Any character (except newline)
c.t matches "cat", "cot"
\d
Any digit (0-9)
\d\d matches "42"
\D
Any non-digit
\D+ matches "hello"
\w
Word character (letter, digit, _)
\w+ matches "hello_1"
\W
Non-word character
\W matches "!", " "
\s
Whitespace (space, tab, newline)
\s+ matches " "
\S
Non-whitespace
\S+ matches "hello"
[abc]
Any of a, b, or c
[aeiou] matches vowels
[A-Z]
Any uppercase letter
[A-Z]{2} matches "NY"
[^abc]
Anything except a, b, c
[^0-9] matches non-digits
Quantifiers
Pattern
Meaning
Example
+
One or more
\d+ matches "123"
*
Zero or more
\d* matches "" or "123"
?
Zero or one
\d? matches "" or "5"
{n}
Exactly n
\d{4} matches "2023"
{n,m}
Between n and m
\d{1,3} matches "1"-"999"
+?
One or more (lazy)
.+? matches as little as possible
Anchors and Boundaries
Pattern
Matches Position
^
Start of string
$
End of string
\b
Word boundary
Groups and Alternation
Pattern
Meaning
(...)
Capture group
(?P<name>...)
Named capture group
(?:...)
Non-capturing group
a\|b
a OR b
Escaping
These characters are special in regex and need \ to match literally: . * + ? ( ) [ ] { } ^ $ | \
Decision Guide: String Methods vs.

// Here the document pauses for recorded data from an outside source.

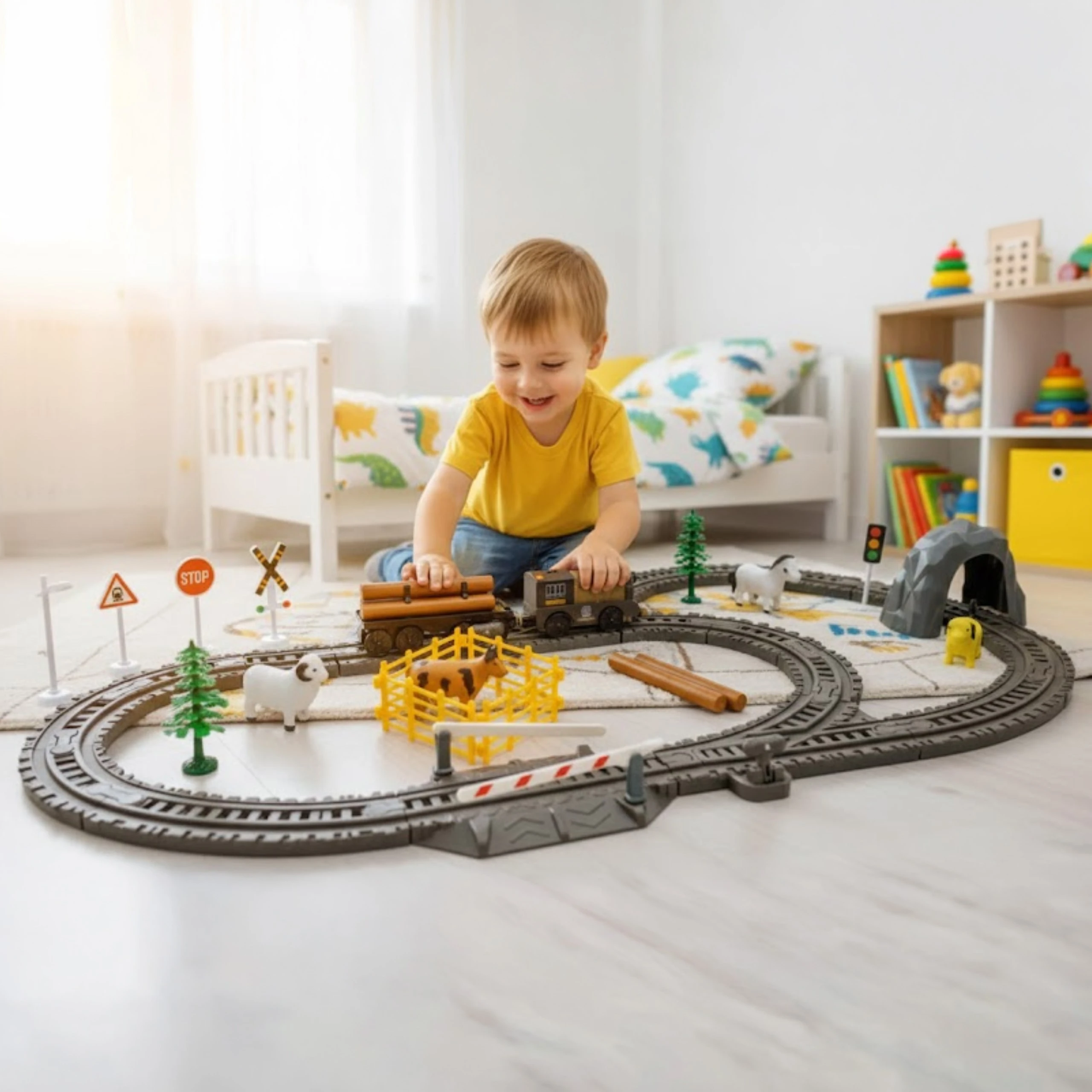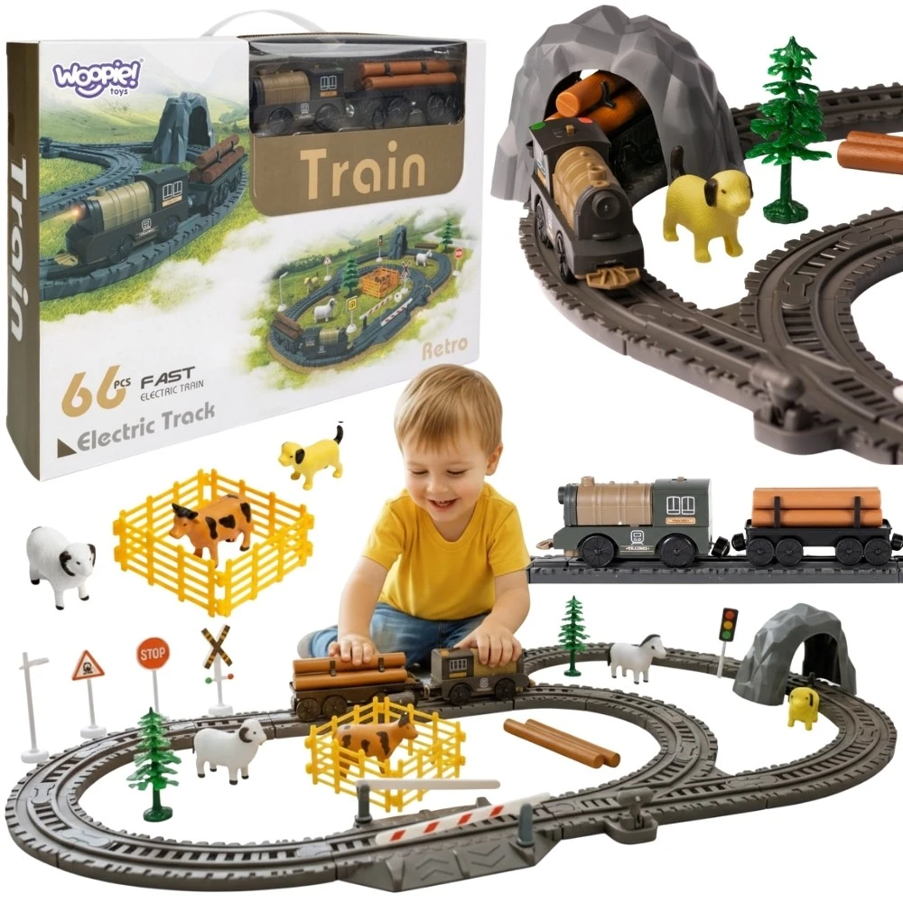 WOOPIE Kolejka Elektryczna Lokomotywa Retro Farma Tor XL 66 el.
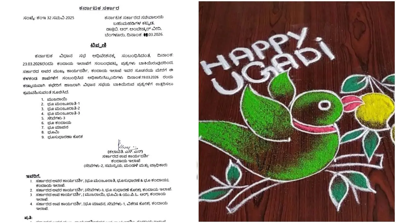 ಕಂದಾಯ ಇಲಾಖೆಯ ಅಪರ ಮುಖ್ಯ ಕಾರ್ಯದರ್ಶಿ ರಾಜೇಂದ್ರ ಕುಮಾರ್ ಕಠಾರಿಯಾ ಅವರ ನಿರ್ದೇಶನದಂತೆ, ಮಾರ್ಚ್ 23, 2026ರಂದು ವಿಧಾನಸಭೆಯಲ್ಲಿ ಕಂದಾಯ ಇಲಾಖೆಗೆ ಸಂಬಂಧಿಸಿದ ಪ್ರಶ್ನೆಗಳು ಚರ್ಚೆಗೆ ಬಾಕಿ ಇರುವುದರಿಂದ, ಅವುಗಳಿಗೆ ಸಮರ್ಪಕ ಉತ್ತರ ನೀಡಲು ಪೂರ್ವ ಸಿದ್ಧತೆ ಅಗತ್ಯವಿದೆ ಎಂದು ತಿಳಿಸಲಾಗಿದೆ. ಈ ಹಿನ್ನೆಲೆಯಲ್ಲಿ ಮಾರ್ಚ್ 19ರಂದು ಯುಗಾದಿ ಹಬ್ಬದ ದಿನವೂ ಅಧಿಕಾರಿಗಳು ಹಾಗೂ ಸಿಬ್ಬಂದಿಗಳು ಕಡ್ಡಾಯವಾಗಿ ಹಾಜರಾಗುವಂತೆ ಆದೇಶಿಸಲಾಗಿದೆ.
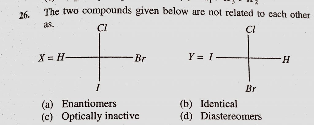 The two compounds given below are not related to each other as (a) Enantiomers (b) Identical (c) Optically inactive (d) Diastereomers The two compounds given below are not related to each other as (a) Enantiomers (b) Identical (c) Optically inactive (d) Diastereomers December 12, 2020 Category: Uncategorised (JEE Advanced Physics by BM Sharma + GMP Solutions) , Facebook Messenger WhatsApp Share this:TwitterFacebook Related

Regex
Task
Tool
Example
Change case
String method
.str.lower()
Strip whitespace
String method
.str.strip()
Replace fixed text
String method
.str.replace("old", "new", regex=False)
Split on delimiter
String method
.str.split(",")
Check for fixed text
String method
.str.contains("exact")
Match a pattern
Regex
.str.contains(r"\d{3}-\d{4}")
Extract parts of text
Regex
.str.extract(r"(\d+)\s*(mg)")
Match alternatives
Regex
.str.contains(r"cat\|dog")
Whole word match
Regex
.str.contains(r"\bdata\b")
Validate format
Regex
.str.match(r"^[A-Z]{2}\d{4}$")
Rule of thumb: Start with string methods. Reach for regex only when you need pattern matching, extraction, or alternation.
Common Patterns for Data Science
# Extract a date (YYYY-MM-DD)
s.str.extract(r"(\d{4})-(\d{2})-(\d{2})")
# Extract a number with optional decimal
s.str.extract(r"(\d+\.?\d*)")
# Extract text inside parentheses
s.str.extract(r"\(([^)]+)\)")
# Match a phone number (flexible separators)
s.str.contains(r"\d{3}[-.\s]?\d{3}[-.\s]?\d{4}")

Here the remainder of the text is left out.